クリスはそれを読むと、ノートを切り取って新しい紙片を用意しだします。
まだ続けますのね。
「科学です。魔法は存在しませんでした」
マイクが答えます、先生はゆっくりと教壇の前を往復しながらお話しなさいます。
「その通り。西暦の末期、世界の人口は100億を超えていたという。だが、それが資源を枯渇させ、環境を悪化させ、食料を不足させ……、そして戦争になったという。戦争によってさらに環境は悪化し、人口の99%以上が死に絶え、世界には12の都市のみが残った。

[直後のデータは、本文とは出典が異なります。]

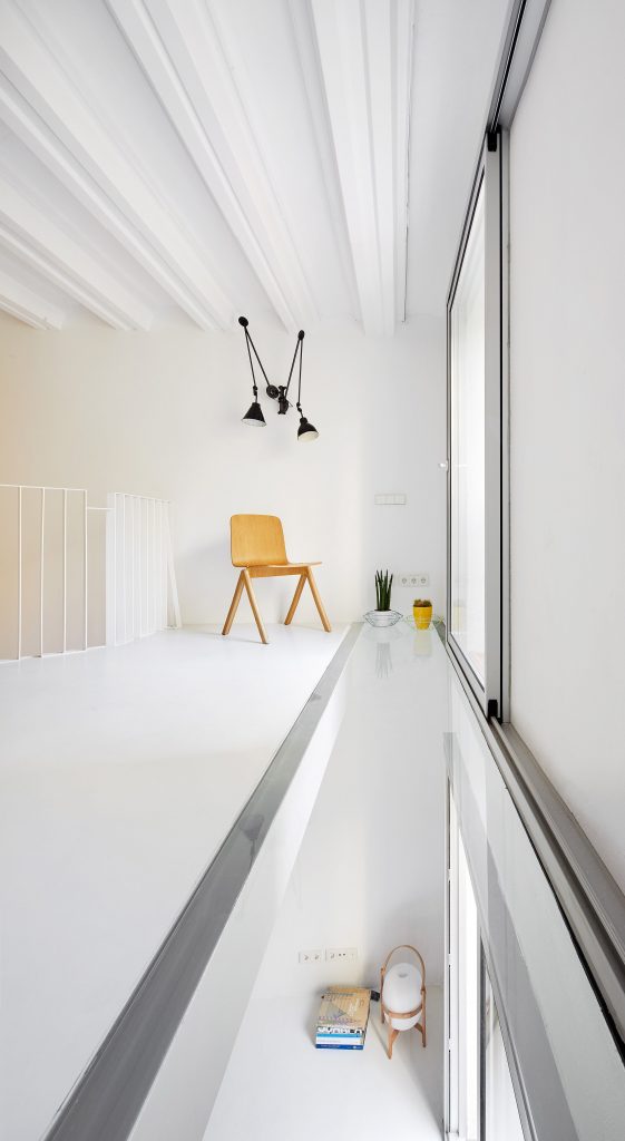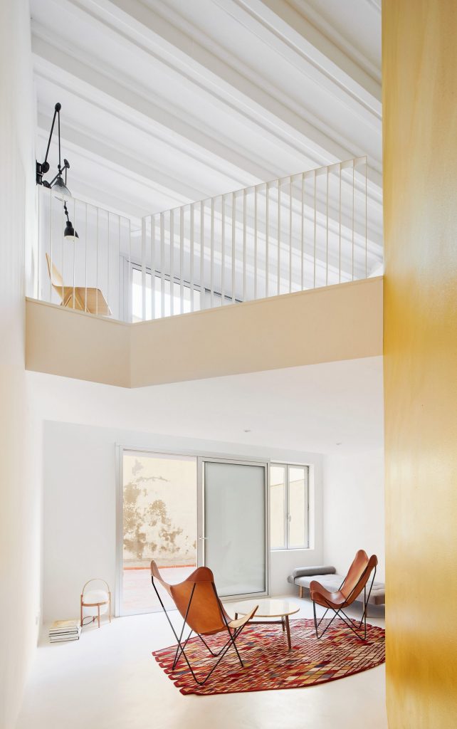Raul Sanchez Architects ‘in imzasını taşıdığı, Barselona’da yer alan 8 katlı bir apartmanın ilk iki katının, merkezinde tasarlanan iki kübik hacim ile birbirine bağlandığı bu konut projesi; her biri 55 metrekarelik iki hacmin birinde merdiven çözülmesiyle beraber tek bir yaşam alanı haline getirilmiş. İki ayrı daire işverenin isteğiyle tek bir daire haline getiriliyor, tasarım ekibi de üst katı asma kat olarak tasarlıyor. Açık mekan çözümlemeleri yapılıyor.

もはや国家と言う枠組みは失われ、12の都市の自治によって世界が運営されることとなったのだ」
クリスから新しい紙片が送られてきます。
『アレクサ的には婚約継続したいの?破棄したいの? Ch』
したいかどうかという視点では、考えたことありませんでしたわね。うーん……。
「事ここに至って戦争は継続できず、彼らは和平を結んだ。和平の際に12都市はその証として、黄道の12星座を都市の名に冠することとなる。これ以降の時代を黄道暦(Z.E.、Zodiac Era)という。
西暦末期から黄道暦初期における重要なトピックは何だろうか。スーザン」
『正直にいうと、どうしたいとは考えていませんわ。ただ、アイルランドに災禍がいかないよう立ち回らないと、とは思いますけども。 Alex』
書いてクリスに送ります。
「魔力の発生です」
わたくしの斜め前、スーザンが手を上げて答えます。
「概ねその通りだが、一応正確には異なる」
再度スーザンが手を上げて答えました。
「魔力の復活です」
先生が頷きます。
「そうだな。魔力と言う力は古代には存在し、それが西暦のどこかで失われ、それが黄道暦の始まる前後で復活したという考えが一般的だ」
クリスは回収した2枚の紙をいま質問に答えていたスーザンへと回しました。ちょっと!何勝手にひろめていますの!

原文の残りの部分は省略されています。